**WORK TASK:**
Reproduce exactly, and only, the lines below from the one containing "Anke Janssen und" through the one containing "随后,应急逃生演练正式启动。".

**DATASET RECORDS:**

%%

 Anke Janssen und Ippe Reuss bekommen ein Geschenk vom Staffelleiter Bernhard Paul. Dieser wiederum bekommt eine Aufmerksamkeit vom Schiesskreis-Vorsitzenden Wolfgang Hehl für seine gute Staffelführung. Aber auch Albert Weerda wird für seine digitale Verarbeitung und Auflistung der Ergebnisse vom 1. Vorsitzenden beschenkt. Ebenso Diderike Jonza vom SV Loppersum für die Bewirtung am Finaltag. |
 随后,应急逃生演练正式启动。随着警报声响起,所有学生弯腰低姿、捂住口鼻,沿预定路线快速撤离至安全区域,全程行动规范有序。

%%
%%

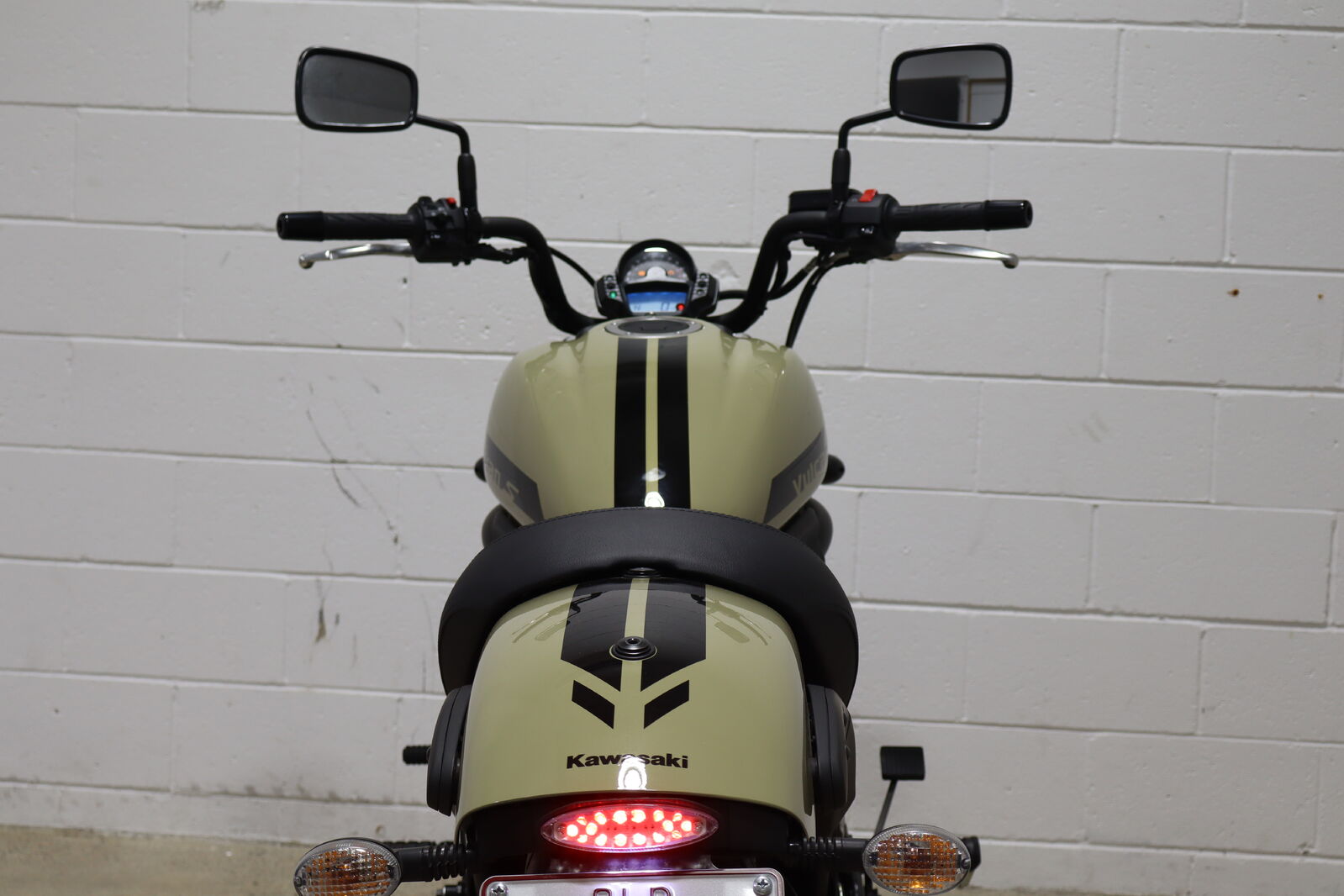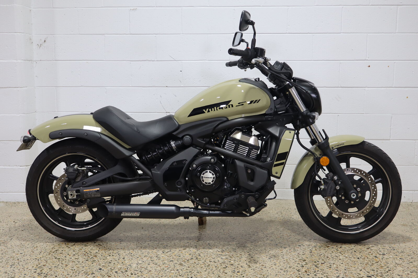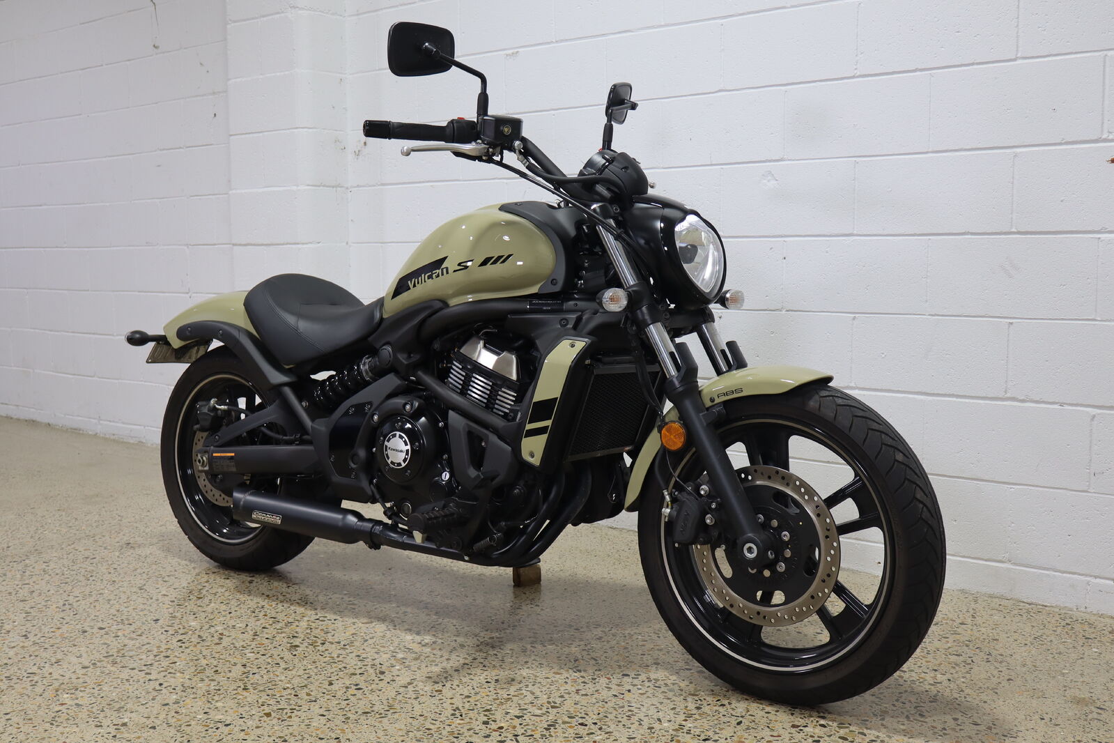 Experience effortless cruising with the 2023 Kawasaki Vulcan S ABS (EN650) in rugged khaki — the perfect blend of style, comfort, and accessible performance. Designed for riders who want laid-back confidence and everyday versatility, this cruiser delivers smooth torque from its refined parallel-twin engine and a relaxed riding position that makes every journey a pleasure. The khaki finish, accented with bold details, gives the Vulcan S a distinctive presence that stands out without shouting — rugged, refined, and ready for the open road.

%%

**RESPONSE FOR THIS EXERCISE:**
 Anke Janssen und Ippe Reuss bekommen ein Geschenk vom Staffelleiter Bernhard Paul. Dieser wiederum bekommt eine Aufmerksamkeit vom Schiesskreis-Vorsitzenden Wolfgang Hehl für seine gute Staffelführung. Aber auch Albert Weerda wird für seine digitale Verarbeitung und Auflistung der Ergebnisse vom 1. Vorsitzenden beschenkt. Ebenso Diderike Jonza vom SV Loppersum für die Bewirtung am Finaltag. |
 随后,应急逃生演练正式启动。随着警报声响起,所有学生弯腰低姿、捂住口鼻,沿预定路线快速撤离至安全区域,全程行动规范有序。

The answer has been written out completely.